I'll be leaving for my train to Berlin now. Amazingly it took me more time to decide what to put on my notebook than what to pack in my suitcase :) Hope to see you there ...

Fri, 23 May 2008

Flying outside


did not work to well ...

Geek toys


Received a bunch of things to play with this morning.

A customer wants me to develop a multipath tunneling protocol. The basic idea is to encapsulate packets, distribute them over N paths, decapsulate them on the other side and restore ordering using sequence numbers. This will allow to use both the combined upstream and downstream bandwidth for single connections. I wrote a prototype some time ago, but its very basic at this point and missing all the fancy features, like microflow seperation, delay aware distribution, dead path detection, etc.

I used to have two internet connections for a couple of months, but canceled the second one in march. Since there's nothing like real-life testing, I ordered a second cable connection again, which was installed this morning. So now I have two 32/2.5mbit connections, but only one of them is used currently. I probably won't be able to resist the urge to work on this for long :)

Additionally I received some VoIP testing equipment. Innovaphone kindly provided me with a H.323/SIP test setup consisting of 2 * 3 different telephone models, two PBXs and some test scenarios. We already support a lot of scenarios, my goal is to extend this as far as possible within reason.

The tricky part are things like call transfers crossing two NATs:

  Phone1-\                                              /------Phone3
          -[Registrar1]-[NAT1]-{  }-[NAT2]-[Registrar2]-
  Phone2-/                                              \------Phone4
 
When Phone1 calls Phone3 and the call is transfered to Phone2, we currently fail completely (for so far unknown reasons). The ideal outcome would be that NAT1 detects that the transfered call originated in the local network of Phone1 and the RTP streams are set up between Phone1 and Phone2 directly. This not only reduces latency, it avoids having internal calls go over the Internet. For normal calls between Phone1 and Phone2 using an external registrar this already works, provided that the registrar doesn't decide to proxy the calls.

Speaking of geek toys, ThinkGeek has an incredibly fun toy..

The two helicopters are controlled using IR remote controls. They can only go up and down by controlling main rotor speed and spin around the rotor-axis using the rear rotor, but have some small constant forward movement, which allows to fly them quite precisely. The most important feature however is that they can shoot at each other using IR. On the first hit it spins a bit, on the second one it looses power for a short period of time, on the third hit it completely looses power and goes down. This is accompanied by shooting sounds. Unfortunately they break pretty fast, I wrecked four of them within only a few days - well actually three of them, the fourth one was last seen flying over my neighbours garden :)

Being hooked on the fun, I got a a different model , which is controllable on all axis and supposed to be more robust.

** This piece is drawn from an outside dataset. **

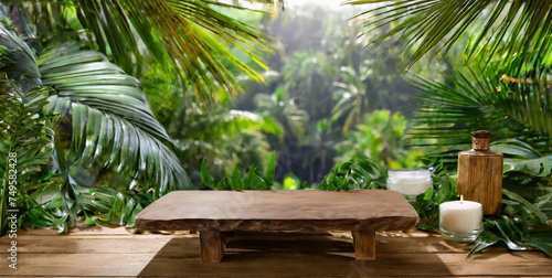 Empty wooden table with candle, for product presentation, background of a forest landscape, mockup for presenting a natural product.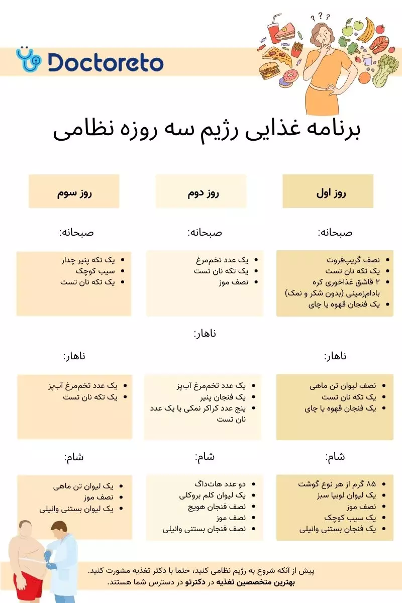 اگر قصد دارید رژیم نظامی سه روزه را امتحان کنید، حتما با متخصص تغذیه مشورت کنید. ممکن است این رژیم برای شما مناسب نباشد. برای ارتباط با متخصصان تغذیه میتوانید از طریق سایت دکترتو اقدام کنید. در دکترتو امکان مشاوره حضوری، آنلاین و تلفنی وجود دارد.

Unfortunately it also has a lot more power, so I managed to wreck another one within hours: one gear broke, the tail bent to a 45° angle and then broke, the flight bar also took some damage. To be fair, it really is more robust (and luckily you can also order replacement parts), I'm just not used to the two two-dimensional controls. Instead of powering down when getting to close to the walls, I tried directing it away by pushing all sticks in the desired direction, causing it to increase power and crash in the wall.

I have some replacement parts and a second helicopter, but I'll try to resist flying inside again until I can get some training in a less dangerous environment. Regardless of these problems, they are really great fun :)

Thu, 22 May 2008

LinuxTag


I'll be visiting LinuxTag in Berlin next week, probably the entire day of Thursday and Friday until sometime in the afternoon. Until a couple of years ago, I used to visit LinuxTag annually, but then the quality of the presentation declined, with a lot of the topics being along the lines of "We're company XYZ and we're using Linux, yay". This year the talks look more interesting again, and I'm looking forward to meet with Harald and DaveM.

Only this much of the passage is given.